*RECORDS FOR THE EXERCISE*:
▬▬▬

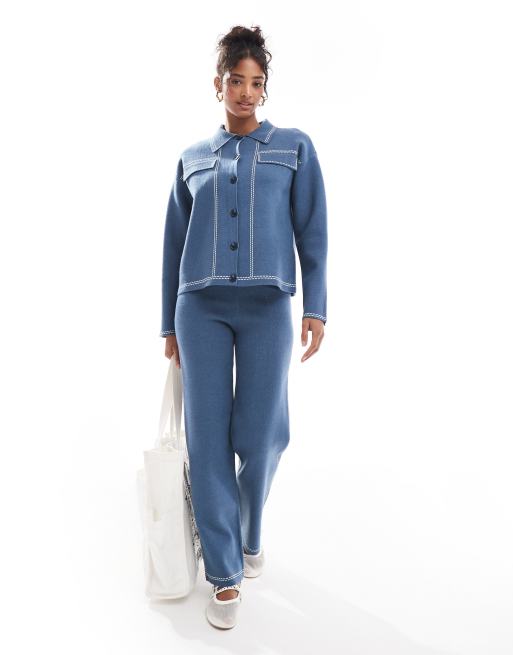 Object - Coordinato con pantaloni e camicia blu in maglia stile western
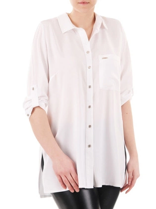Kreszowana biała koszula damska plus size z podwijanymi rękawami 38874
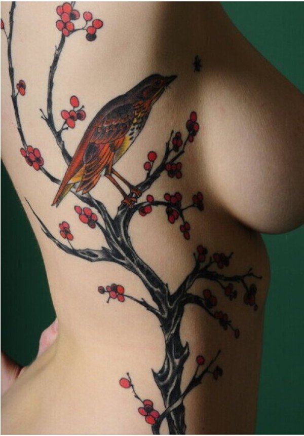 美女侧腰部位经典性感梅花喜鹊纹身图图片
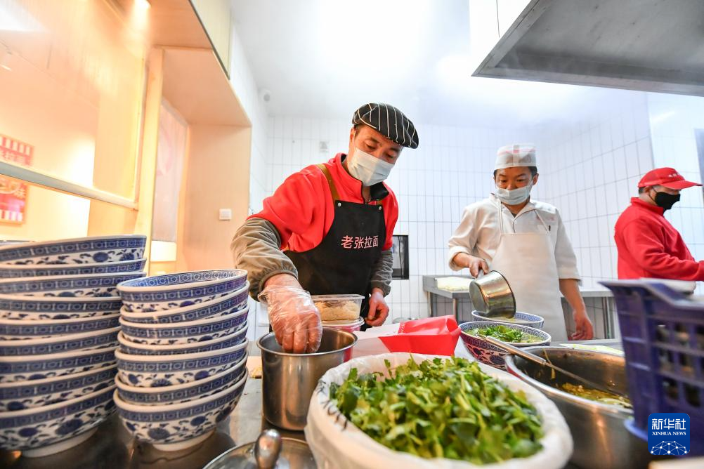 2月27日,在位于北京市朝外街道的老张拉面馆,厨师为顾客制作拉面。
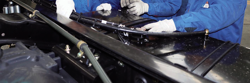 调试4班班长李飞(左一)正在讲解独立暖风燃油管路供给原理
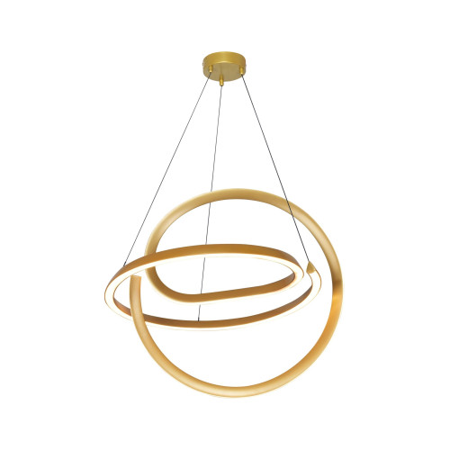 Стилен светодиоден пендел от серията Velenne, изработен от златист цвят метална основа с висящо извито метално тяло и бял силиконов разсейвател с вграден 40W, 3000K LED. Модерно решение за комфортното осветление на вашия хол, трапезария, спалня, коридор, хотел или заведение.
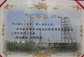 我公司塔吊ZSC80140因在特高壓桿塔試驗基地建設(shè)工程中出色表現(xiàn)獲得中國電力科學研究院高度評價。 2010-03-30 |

▬▬▬

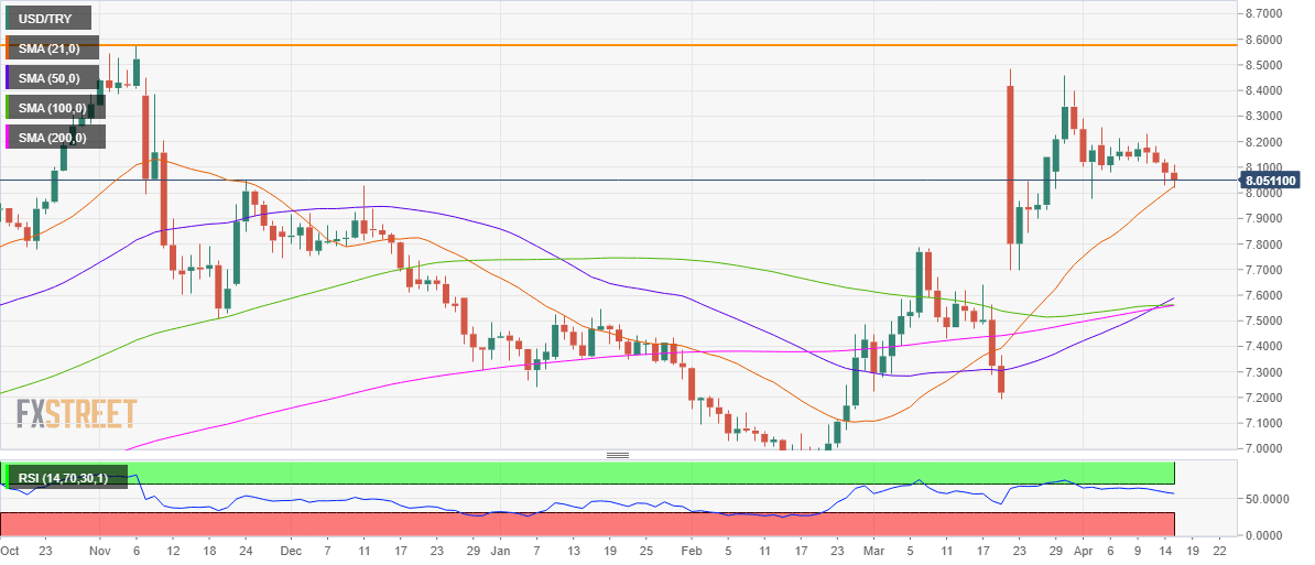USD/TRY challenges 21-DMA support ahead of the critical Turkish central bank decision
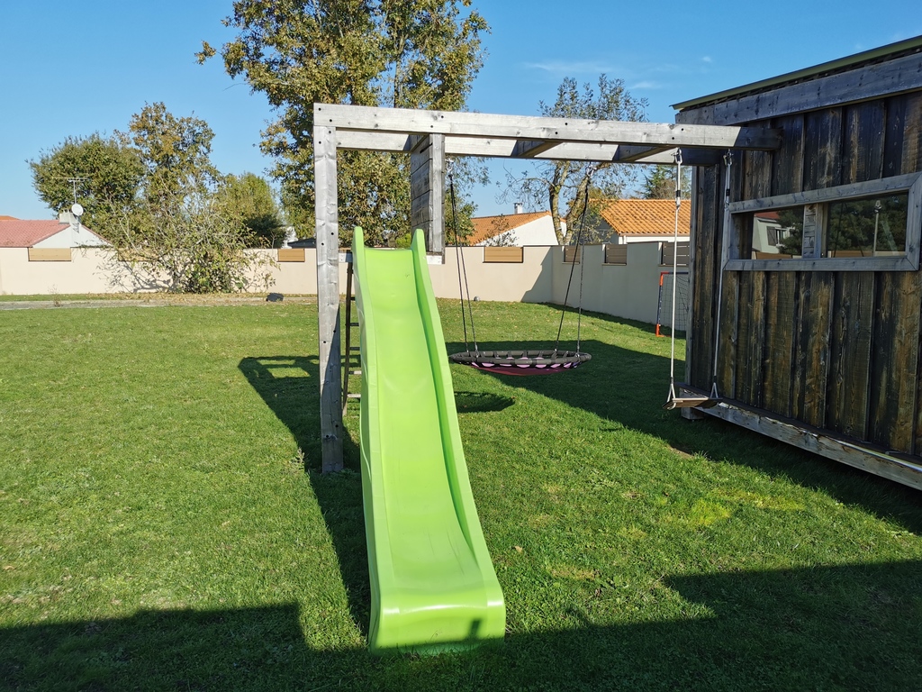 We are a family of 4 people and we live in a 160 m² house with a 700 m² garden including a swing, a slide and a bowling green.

▬▬▬

*EXERCISE DIRECTIONS*: Could you repeat, exactly, only the lines above starting at the one that has "USD/TRY challenges 21-DMA" and stopping after the one that has "We are a family", without the pictures?

*RESPONSE AREA*:
USD/TRY challenges 21-DMA support ahead of the critical Turkish central bank decision
 We are a family of 4 people and we live in a 160 m² house with a 700 m² garden including a swing, a slide and a bowling green.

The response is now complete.